Ugh, fire ants....I hope Austin is better by the time you are reading this. Poor baby.


----------



## inge (Sep 20, 2009)

Oh, that must have been terribly painful, poor guy! I hope he is better now!


----------



## shortcake23 (Aug 15, 2008)

Oh no! Poor Austin!! Must have hurt him a lot! I hope he gets better soon.


----------



## mooselips (Dec 4, 2011)

Here's a probably silly question, how are you administering the benadryl?
Is it the capsules or does it come in a liquid?

(because I don't know)


----------



## Wagners Mom2 (Mar 20, 2012)

How is he this morning? Hope all is well.  
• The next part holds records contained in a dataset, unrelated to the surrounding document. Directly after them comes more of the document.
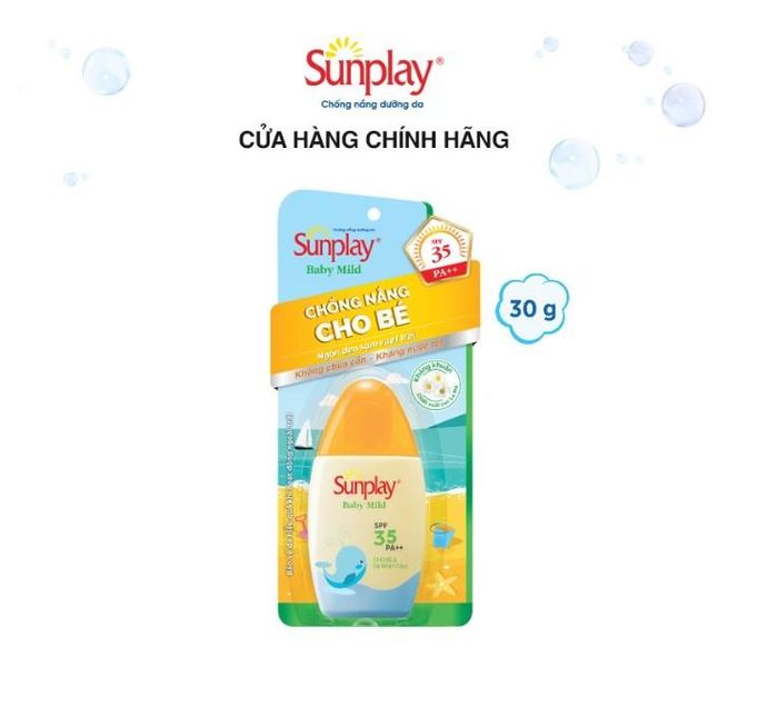 - Sunplay Baby Mild sunscreen offers moderate sun protection with SPF 35 and PA++, blocking UVB rays and reducing UVA damage by up to 95%. This level of protection is suitable for outdoor activities and picnics. It is very safe for children's skin, free from alcohol and parabens to avoid irritation. The sunscreen also has a waterproof formula, ensuring long-lasting sun protection.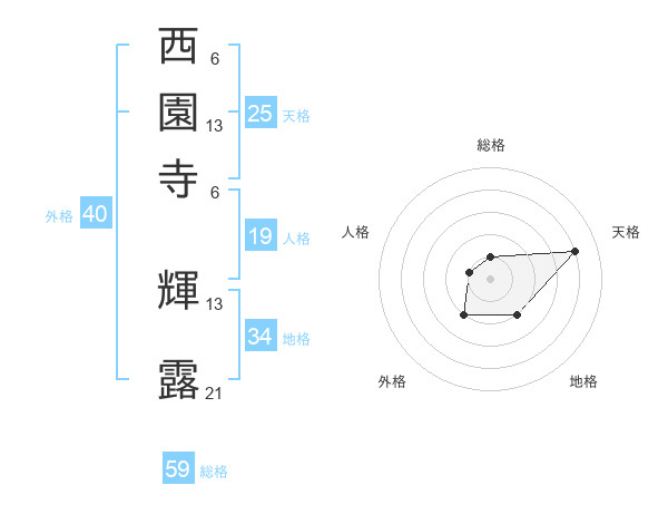 西園寺 輝露さんを姓名の画数から五運を鑑定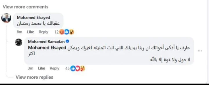 ما دفع محمد رمضان للرد عليه بنفسه قائلاً: "عارف يا أذكى إخواتك إن ربنا بيدّيلك اللي أنت اتمنيته لغيرك ويمكن أكتر.. لا حول ولا قوة إلا بالله."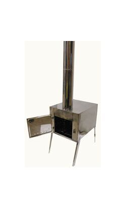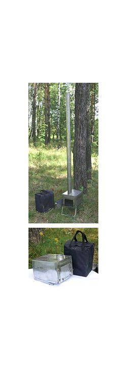 Несколько моделей разборных туристских печек. Внутренний искрогаситель предохраняет кровлю помещения от попадания искр. Варочная поверхность может использоваться для кипячения воды и приготовления пищи.

Mooselips--when I give benadryl, I give it in pill form. Tried liquid in a pinch once--and my dog looked at me like I had lost my mind--he wouldn't touch it! lol.


----------



## mooselips (Dec 4, 2011)

Thank you, I was just wondering how you would adjust the dosage and I need to take some on our trip.


----------



## Wendy427 (Apr 4, 2009)

OMG how awful!! Poor baby! Hope he's doing better this morning!


----------



## CAROLINA MOM (May 12, 2009)

How's Austin doing this morning? Poor guy, fire ants are the worst, I have yet to figure out what purpose they serve.


----------



## vrmueller (Jun 14, 2008)

You never know what these guys are going to pick up!!! I hope Austin recovered without incident. Please let us know.


----------



## canine_mommy (Dec 27, 2010)

Thank you all for inquiring about Austin. His tongue has tiny red dots and I can feel bumps on the insides of his cheeks. His lips and muzzle area were quite swollen in big bumps this morning, so off to the vet we went. Vet asked me to continue giving Benadryl twice a day and also gave antibiotics.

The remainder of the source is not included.